A highly contagious stomach virus has been circulating at notable levels across the San Francisco Bay Area, with wastewater monitoring pointing to communities including San Jose, Fremont, Redwood City and Marin County as among the hardest hit, NBC Bay Area reported. San Francisco, Sunnyvale, Novato and Palo Alto have shown more moderate levels.
The virus is rotavirus, and its spread regionally is part of a broader national rise that public-health experts say has been building for months.
What rotavirus does
Rotavirus spreads easily through the fecal-oral route — by contact with contaminated surfaces or unwashed hands — and tends to hit infants and young children hardest. It typically begins with a day or two of fever and vomiting, followed by watery diarrhea that can persist for several days. The main danger is dehydration, which can become serious quickly in small children.
"It lives in the gut, and you pass it by the stool and you pass it by touching things without washing hands," Dr. Peter Chin-Hong, an infectious-disease specialist at UCSF, told NBC Bay Area.
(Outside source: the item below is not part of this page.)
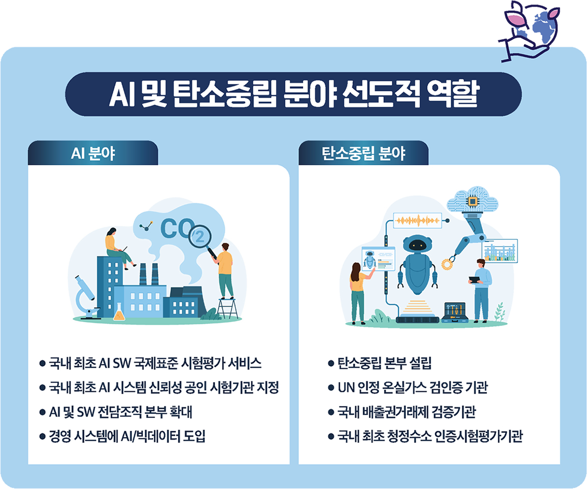 KTR은 AI, 탄소중립 등 미래 핵심 산업 분야에서 다양한 성과를 내고 있다. KTR의 AI 분야는 독보적인 퍼스트 무버로서의 입지를 다지고 있다. 2023년 10월 국내 시험인증 기관 최초로 AI 소프트웨어 국제표준을 적용한 시험평가 서비스를 시작했으며, 작년 6월에는 AI 신뢰성 국제표준 분야 공인 시험기관 지정을 받아 AI 시스템 신뢰성 공인 시험 서비스를 국내 최초로 수행하고 있다. 2023년 판교 테크노밸리에 AI 및 소프트웨어 전담 조직을 신설했고, 올해 이를 본부 조직으로 확대하는 등 전문성을 강화하고 있다. 또한, 연구원 경영 시스템에 인공지능과 빅데이터 기술을 도입하며 자체적인 혁신을 꾀하고 있다.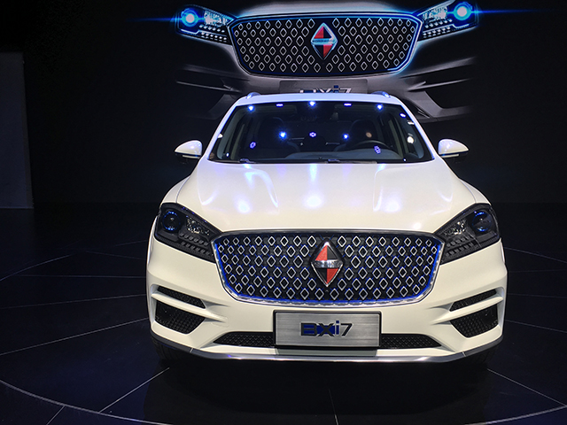宝沃BX7纯电动车型--BXi7亮相2017上海车展。新车整体外观沿用汽油版车型的设计基础,在前格栅采用代表新能源的蓝色菱形进行修饰,增强了新车的辨识度,车尾方面除了左后轮眉上方新增的充电接口以外,和汽油版车型基本保持相同。

Adults often have milder symptoms, or none at all, but can still spread the virus.
A vaccination slide
Experts tie the resurgence in part to declining immunization. National rotavirus vaccination coverage has drifted down over several years to roughly 74% of children, according to The Advisory Board — below the level needed for strong community protection. A 2026 federal move to drop the rotavirus vaccine from the recommended childhood schedule, later placed on hold by a court, has added to confusion among some parents, the outlet reported.
The stakes are well documented. The CDC estimates the vaccine prevents tens of thousands of infant and young-child hospitalizations each year, and that before it was widely used, rotavirus caused tens of thousands of hospitalizations and dozens of deaths annually in the United States.
How to protect a household
There is no specific antiviral treatment for rotavirus; care focuses on preventing dehydration through fluids and oral rehydration solutions. The CDC recommends infants receive a rotavirus vaccine on schedule. For everyone, thorough handwashing with soap and water — especially before eating and after using the bathroom or changing diapers — remains the most effective everyday safeguard.
Parents whose children develop severe or prolonged diarrhea, particularly with signs of dehydration such as reduced urination, dry mouth or unusual drowsiness, should seek medical care promptly.